WORK INSTRUCTIONS ▸
Give the data below again exactly, and drop each picture from it.

SUPPLIED INFORMATION ▸
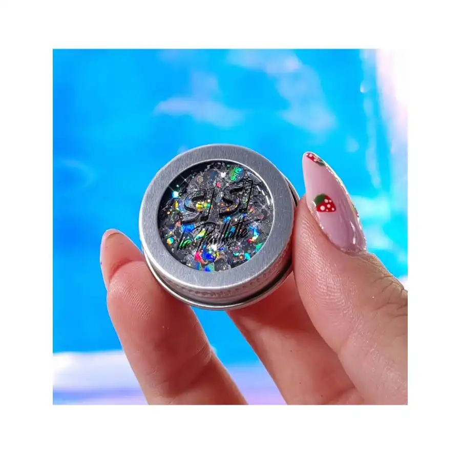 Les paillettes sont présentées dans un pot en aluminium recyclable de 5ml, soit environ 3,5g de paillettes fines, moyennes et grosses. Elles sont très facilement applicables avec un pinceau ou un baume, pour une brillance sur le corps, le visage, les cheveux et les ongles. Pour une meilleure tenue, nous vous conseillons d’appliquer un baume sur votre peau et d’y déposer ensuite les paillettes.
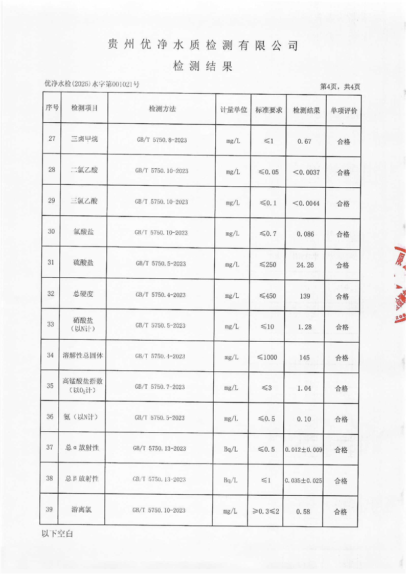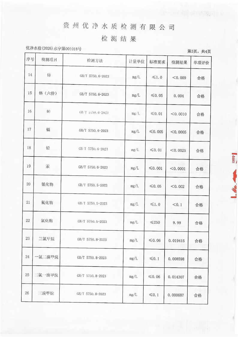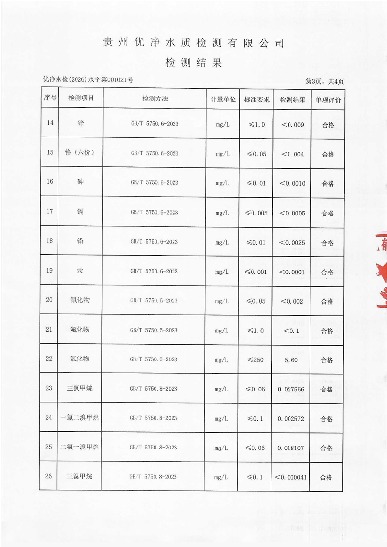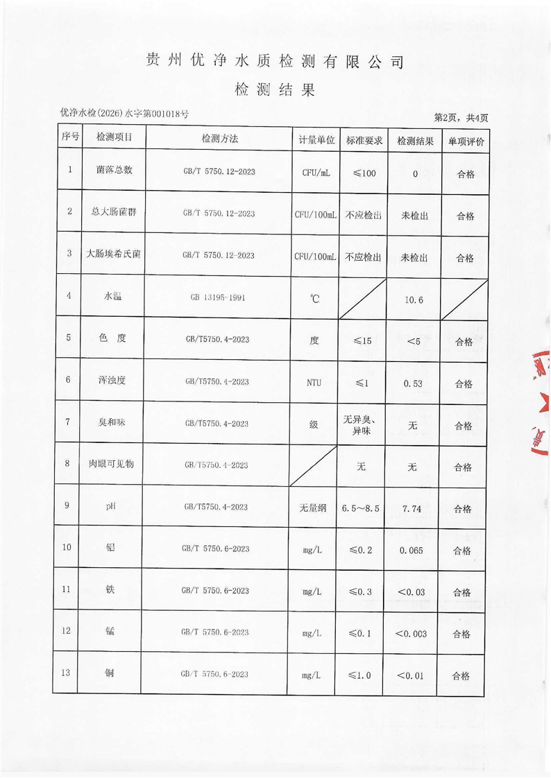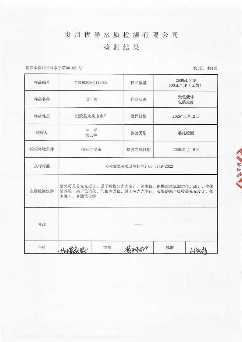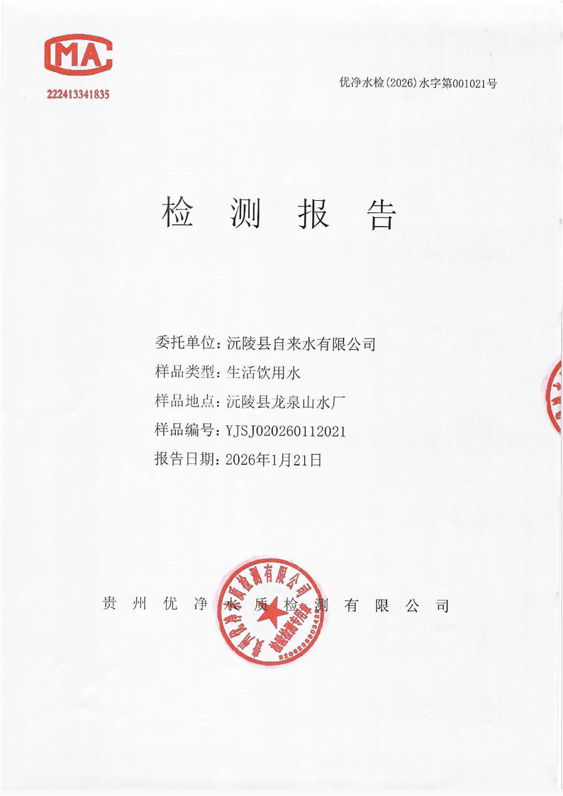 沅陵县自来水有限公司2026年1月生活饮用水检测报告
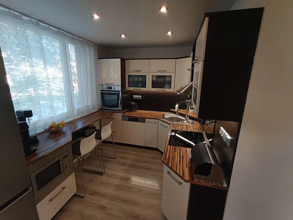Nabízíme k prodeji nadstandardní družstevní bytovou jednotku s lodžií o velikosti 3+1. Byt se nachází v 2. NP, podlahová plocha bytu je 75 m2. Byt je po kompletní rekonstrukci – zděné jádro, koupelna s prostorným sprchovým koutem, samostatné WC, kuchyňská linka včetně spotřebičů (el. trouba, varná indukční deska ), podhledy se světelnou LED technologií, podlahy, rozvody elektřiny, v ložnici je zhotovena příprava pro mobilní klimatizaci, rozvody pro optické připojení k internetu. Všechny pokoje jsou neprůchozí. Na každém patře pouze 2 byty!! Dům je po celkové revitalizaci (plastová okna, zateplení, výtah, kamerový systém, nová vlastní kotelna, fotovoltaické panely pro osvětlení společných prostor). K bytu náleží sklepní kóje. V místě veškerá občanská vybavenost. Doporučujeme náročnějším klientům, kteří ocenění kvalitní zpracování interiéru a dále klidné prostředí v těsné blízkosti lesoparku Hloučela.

SOLUTION TO THE EXERCISE ▸
 Les paillettes sont présentées dans un pot en aluminium recyclable de 5ml, soit environ 3,5g de paillettes fines, moyennes et grosses. Elles sont très facilement applicables avec un pinceau ou un baume, pour une brillance sur le corps, le visage, les cheveux et les ongles. Pour une meilleure tenue, nous vous conseillons d’appliquer un baume sur votre peau et d’y déposer ensuite les paillettes.
 沅陵县自来水有限公司2026年1月生活饮用水检测报告
Nabízíme k prodeji nadstandardní družstevní bytovou jednotku s lodžií o velikosti 3+1. Byt se nachází v 2. NP, podlahová plocha bytu je 75 m2. Byt je po kompletní rekonstrukci – zděné jádro, koupelna s prostorným sprchovým koutem, samostatné WC, kuchyňská linka včetně spotřebičů (el. trouba, varná indukční deska ), podhledy se světelnou LED technologií, podlahy, rozvody elektřiny, v ložnici je zhotovena příprava pro mobilní klimatizaci, rozvody pro optické připojení k internetu. Všechny pokoje jsou neprůchozí. Na každém patře pouze 2 byty!! Dům je po celkové revitalizaci (plastová okna, zateplení, výtah, kamerový systém, nová vlastní kotelna, fotovoltaické panely pro osvětlení společných prostor). K bytu náleží sklepní kóje. V místě veškerá občanská vybavenost. Doporučujeme náročnějším klientům, kteří ocenění kvalitní zpracování interiéru a dále klidné prostředí v těsné blízkosti lesoparku Hloučela.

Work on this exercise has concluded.